Haben nun auch die Arbeiten in den Gallerien wieder aufgenommen werden können, so kommen dennoch sehr häufig Erkrankungsfälle bei den Mannschaften vor, welche sich als sogenannte Minenkrankheit äußern, das heißt als eine Krankheit, welche sich als Blutvergiftung durch Einathmen von mit Pulverdampf geschwängerter Luft bezeichnen läßt. – Selbst die kräftigsten Körper erliegen diesem heimtückischen Feinde. Ein plötzliches Erlahmen aller Lebensgeister, welches mit Krampferscheinungen wechselt, Athemnoth sind die Kennzeichen der Minenkrankheit. Wehe dem Mineur, der, erkrankt, nicht schnell genug aus der Gallerie entfernt werden kann; in derartigen Fällen hat der Tod schon öfter sein Opfer zu finden gewußt. Ueberall Gefahren mit sich führend, kommt daher ein Friedensminenkrieg von allen militärischen Kriegsspielen der Wirklichkeit am nächsten.

Dies Alles kann uns nicht zurückschrecken. Uebung muß den Meister machen. Die Friedensübungen sind die Vorbereitungen für den Krieg; je ernster und nachdrücklicher dieselben gehandhabt werden, desto mehr werden sie in ihren Folgen nutzbringend für den Ernstfall werden. – Die Vorsehung verhüte, daß jemals vor einer deutschen Festung ein Minenkrieg geführt werden muß; sollte es dennoch einmal dazu kommen, so werden sich auch die Mineure finden, die diesen Krieg bis auf das Messer durchzufechten verstehen werden.

Dies Wort ist für den Kampf unter der Erde keine leere Phrase; kann es doch nur zu leicht vorkommen, daß eine feindliche Gallerie auf einen der Minengänge der Festung trifft, und daß sich dann die Mineure Aug’ in Aug’ gegenüberstehen, um mit dem Dolch, dem Revolver in der Hand den Weg in die Festung zu erzwingen oder, wie Löwen, den eigenen Bau zu vertheidigen.

Trotzdem es nun auch während der Graudenzer Belagerungsübung viele minenkranke Mineure unter der Festungsbesatzung gab, hielten die in ihrem Fache wohl ausgebildeten Pionniere dennoch lange Zeit Stand.
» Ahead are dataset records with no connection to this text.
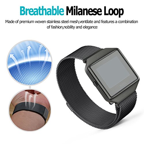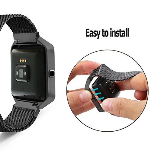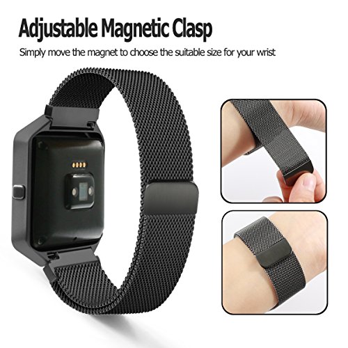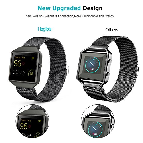 Fitbit Blaze Band with New Metal Frame Hagibis Milanese Loop Stainless Steel Bracelet Strap Magnet Lock Band for Fitbit Blaze Smart Watch-Small Large Black Sliver Rose Gold
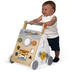 Een vrolijke multi-activiteitentrolley ‘Sweet Cocoon’ van het Franse merk Janod voor het oefenen van de eerste stapjes. Dit verrijdbare houten speelgoedwagentje heeft 9 ingebouwde speeltjes. Hiermee kan de kleine tijdens de ontdekkingstocht door de kamer zich ook nog eens te entertainen, als de beentjes moe worden.
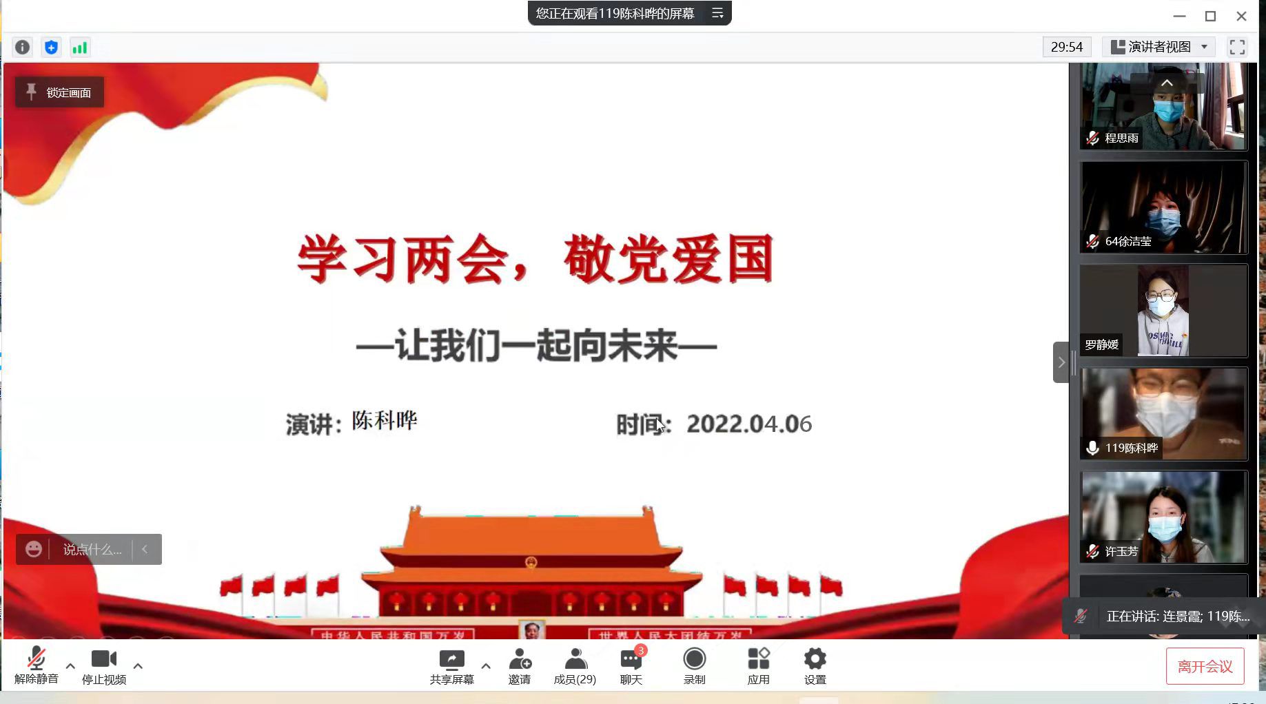 4月6日下午,市场营销系学生党支部在腾讯视频召开线上主题“学习两会,敬党爱国”党课学习,本次活动由陈科晔同志主讲,全体党员参加。
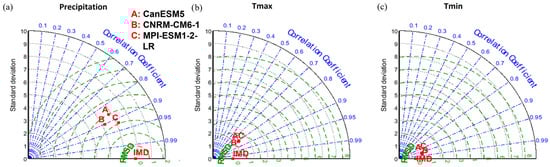 Taylor diagram comparing performance of each GCM with respect to the observed data for the historical period (1989–2019): (a) rainfall (mm), (b) maximum temperature (Tmax) (°C), and (c) minimum temperature (Tmin) (°C).

Zwölf Mal und öfter wurden die Angriffstrichter eingeworfen, und die daselbst vorgetriebenen Gallerien zerstört, ehe es dem Angreifer gelang, einen weiteren, den dritten, Trichter zu sprengen, und acht Tage mußten vergehen, ehe der Belagerer zum Sprengen seiner zweiten Trichterreihe schreiten konnte.

Während dieser Zeit war aber auch der Sappeur nicht unthätig gewesen. Derselbe hatte nicht nur seine Laufgräben aus dem Schlachtminenlogement vorzutreiben verstanden, sondern dieselben auch längs der Glaciskante anzulegen gewußt. Von hier aus wurde denn schließlich der Grabenniedergang hergestellt und am Sonnabend den 1. September Mittags die Contre-Escarpe[3] mittelst Schießwolle eingeworfen.

So war der Weg in die Festung geöffnet, welchen der Angreifer am Morgen des 8. September dazu benutzte, die Wälle im Sturm zu nehmen und sich aus denselben festzusetzen.

Mit diesem Gewaltact endete die Belagerungsübung. Möge der freundliche Leser aus der kurzen Schilderung derselben ein Bild gewonnen haben, wie sich der Dienst der Pionniere vor und in einer belagerten Festung gestaltet.

F.

  1. Offene, vorgeschobene Festungswerke.
  2. Leichte Verbauungen und Deckungen von kleinerem Umfang für Infanterie oder Geschütze.
  3. Ecarpe heißt die von dem Feinde gesehene Wand des Festungsgrabens, Contre-Escarpe die ihr gegenüberliegende Grabenwand.